Replication Data

Studying Software Logging Using Topic Models

Heng Li, Tse-Hsun Chen, Weiyi Shang, and Ahmed E. Hassan
Submitted to Empirical Software Engineering Journal.


Abstract

Software developers insert logging statements in their source code to record important runtime information; such logged information is valuable for understanding system usage in production and debugging system failures. However, providing proper logging statements remains a manual and challenging task. Missing an important logging statement may increase the difficulty of debugging a system failure, while too much logging can increase system overhead and mask the truly important information. Intuitively, the actual functionality of a software component is one of the major drivers behind logging decisions. For instance, a method maintaining network communications is more likely to be logged than getters and setters. In this paper, we use automatically-computed topics of a code snippet to approximate the functionality of a code snippet.
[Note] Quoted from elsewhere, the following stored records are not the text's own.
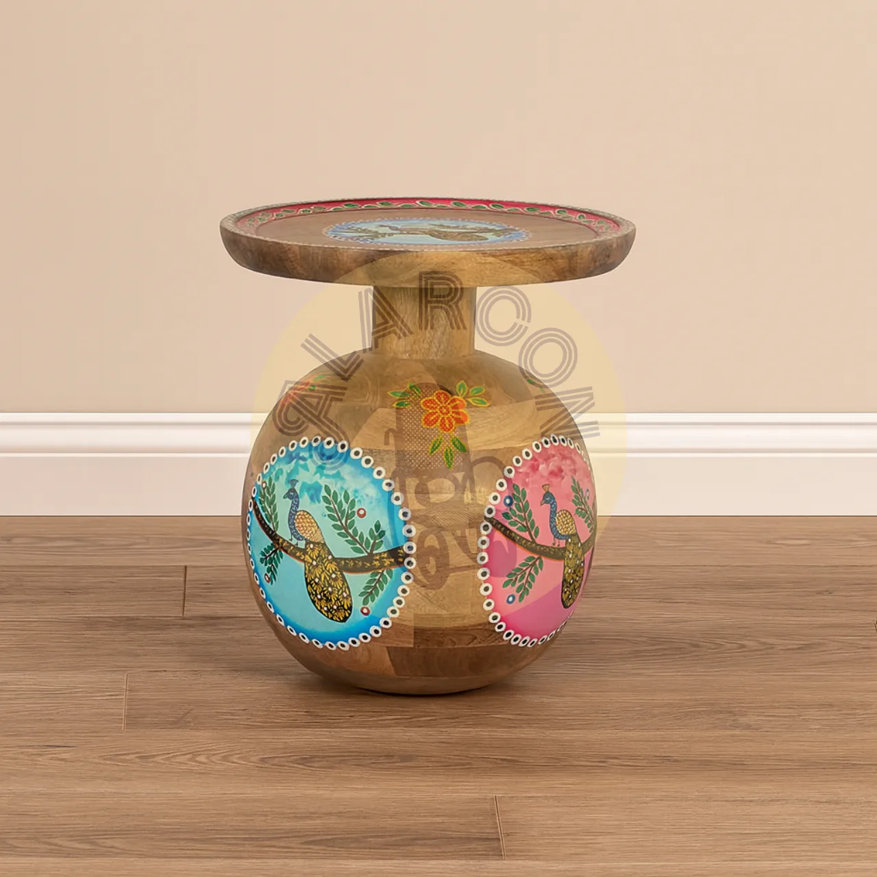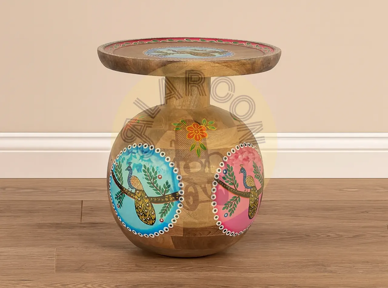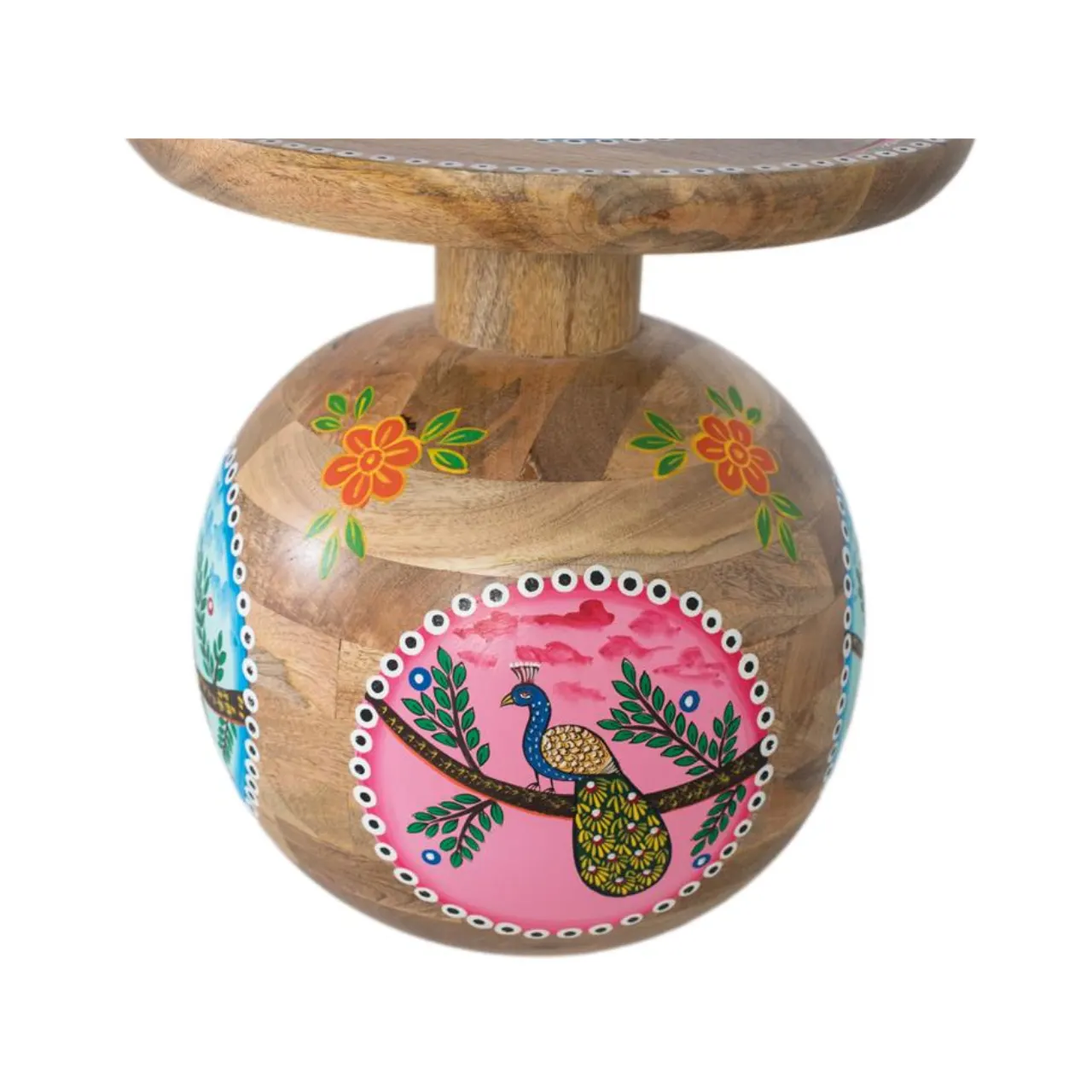 Su base voluminosa y su tablero circular de 42×42 cm con una altura de 47 cm la convierten en una pieza práctica como mesa lateral o decorativa. Cada detalle está cuidadosamente pintado a mano con colores vivos que resaltan su carácter bohemio y artesanal.
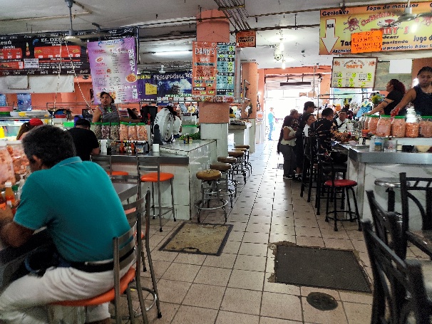 Weiter geht es nach Merida, der Hauptstadt des Bundestaates Yucatan. Bereits um 13:00h treffen wir in Merida ein und finden nach etwas suchen auch die Parkplatzzufahrt zu unserem Hotel. Unsere Zimmer sind noch nicht fertig, wobei der recht unfreundliche Mitarbeiter sich nicht mal die Mühe macht nachzuschauen. Check-In erst ab 15:00h. Gegenüber gibt es einen kleinen, einfachen Imbiss. Plastiktische und -stühle und leider auch kein Bier. Unser Besuch möchte nichts Essen, keinen Hunger. Ok. Tom und Hajo bestellen sich einen Burger. 15 Minuten später kommt unser Essen, nun gelüstetet es dem Besuch doch nach Burger, also bestellen wir einen Burger nach.
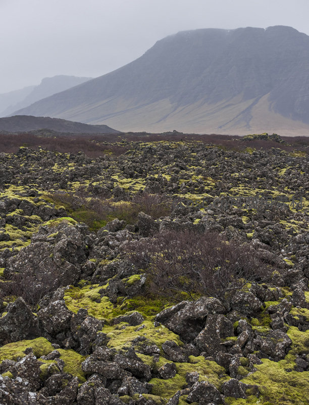 连绵山脉环抱着布满苔藓的火山岩地带,层次分明的景致展现出大地的沧桑与生机,是自然力量与时间雕琢的杰作。
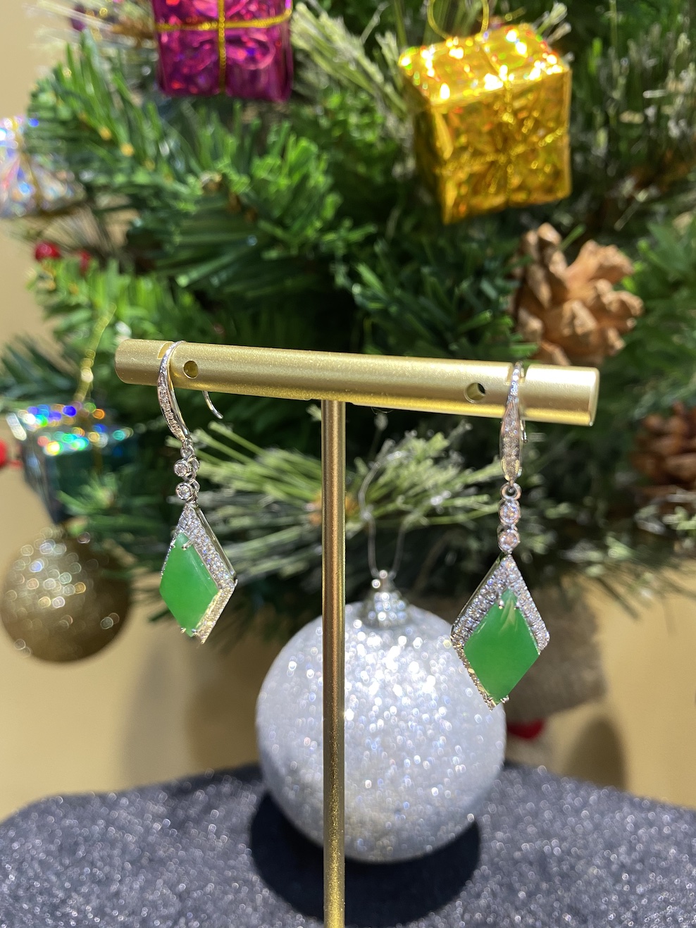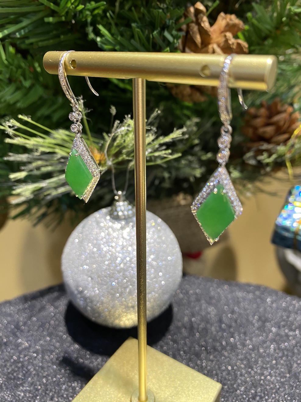 A pair of rhombus cut jade has very translucent and vivid green colour. The jade is designing into a pair of dangling jade earring in 18k white gold and diamonds. It is a lovely pair of jade earring with fine jade texture.
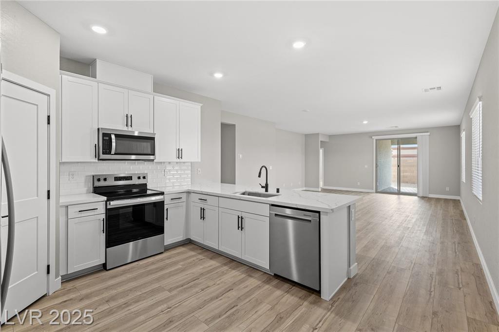 Boasting with charm, this stunning new-construction home is now available at Cheyenne Valle where homeowners can enjoy a beautiful community with charming amenities. This one-story, four-bedroom, two-bathroom home provides all the space with a desirable layout, including designer finishes all throughout. The large living area offers plenty of room for family gatherings, while the kitchen provides ample counter space and upgraded, modern appliances, making cooking and meal prep a breeze. The dining room flows directly into both the living area and kitchen, creating a natural gathering spot for meals and socializing. Through the living room, you will find yourself at a charming, covered patio, perfect for enjoying the outdoors year-round. With high-end finishes throughout the home, the Ruby floor plan is the perfect space for you.
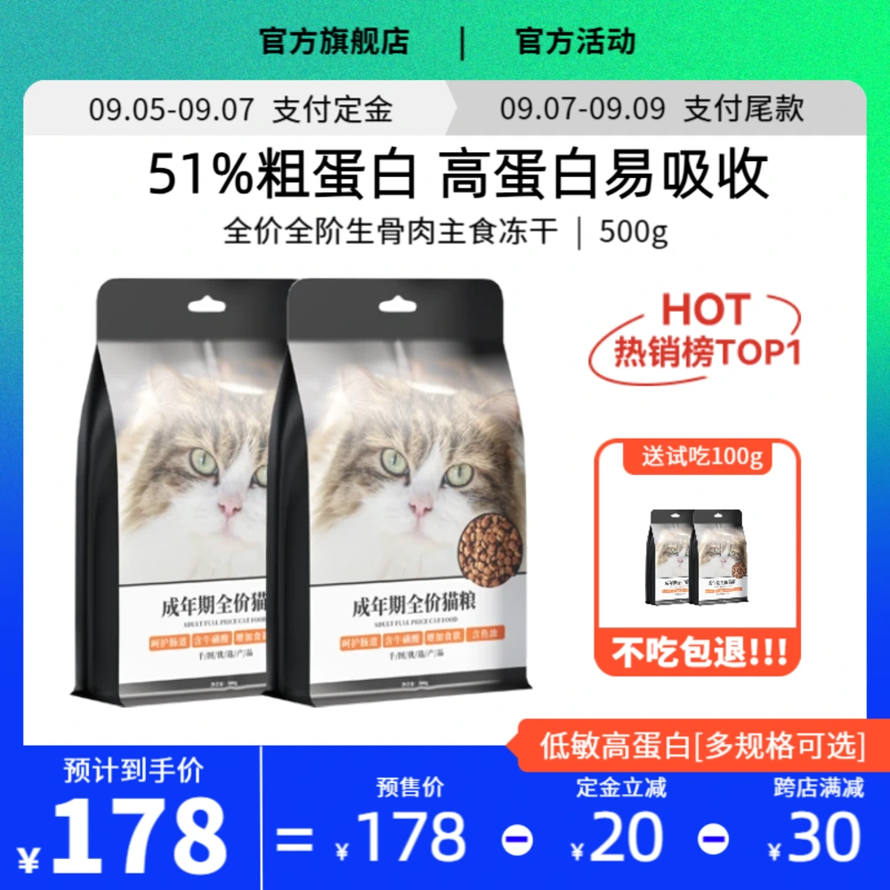 以黄白醒目的配色突出顶部卖点与价格信息,1:1主图规范适配多平台。布局清晰、阅读友好,有助于快速传达优惠与产品优势,适用于宠物食品与用品的店铺促销与爆款推荐。支持文字与标签灵活调整。
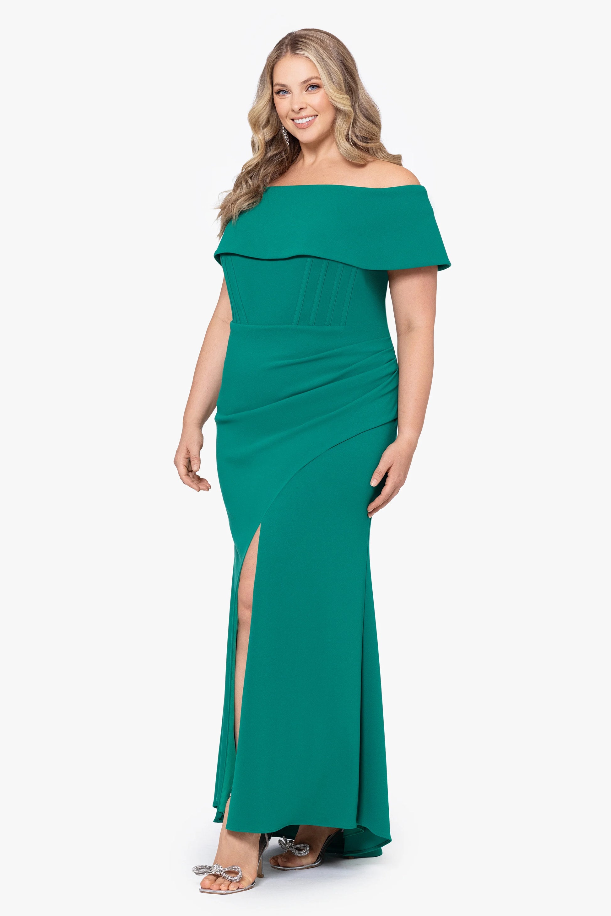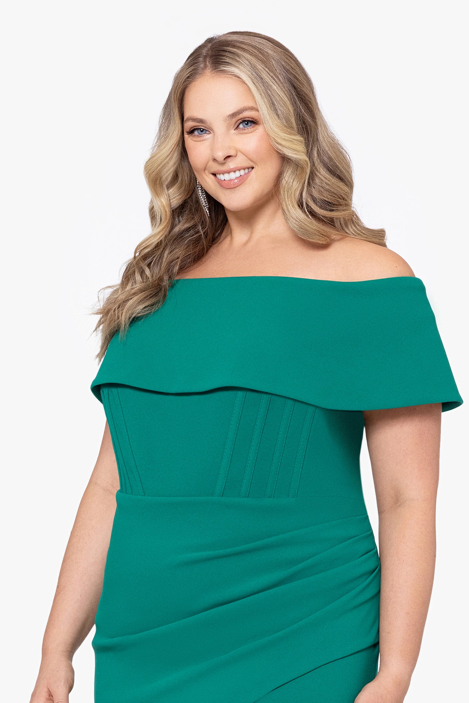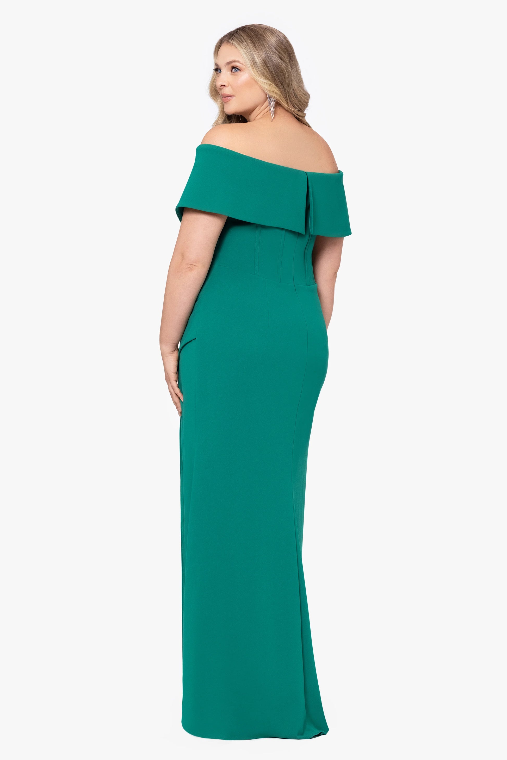 Plus "Ellie" Scuba Crepe Off the Shoulder Boning Gown

We study the relationship between the topics of a code snippet and the likelihood of a code snippet being logged (i.e., to contain a logging statement). Our driving intuition is that certain topics in the source code are more likely to be logged than others. To validate our intuition, we conduct a case study on six open source systems, and we find that i) there exists a small number of “log-intensive” topics that are more likely to be logged than other topics; ii) each pair of the studied systems share 12% to 62% common topics, and their likelihood of logging such common topics has a statistically significant correlation of 0.35 to 0.62; and iii) our topic-based metrics help explain the likelihood of a code snippet being logged, providing an improvement of 3% to 13% on AUC and 6% to 16% on balanced accuracy over a set of baseline metrics that capture the structural information of a code snippet. Our findings highlight that topics contain valuable information that can help guide and drive developers' logging decisions.

BibTeX

(Under submission)

Replication Package

In our replication package, we share how to run topic modeling (LDA) in our study, our topic model output data, and our baseline metrics that are extracted from the six studied systems. So interested researchers can leverage the shared data to replicate or improve our study.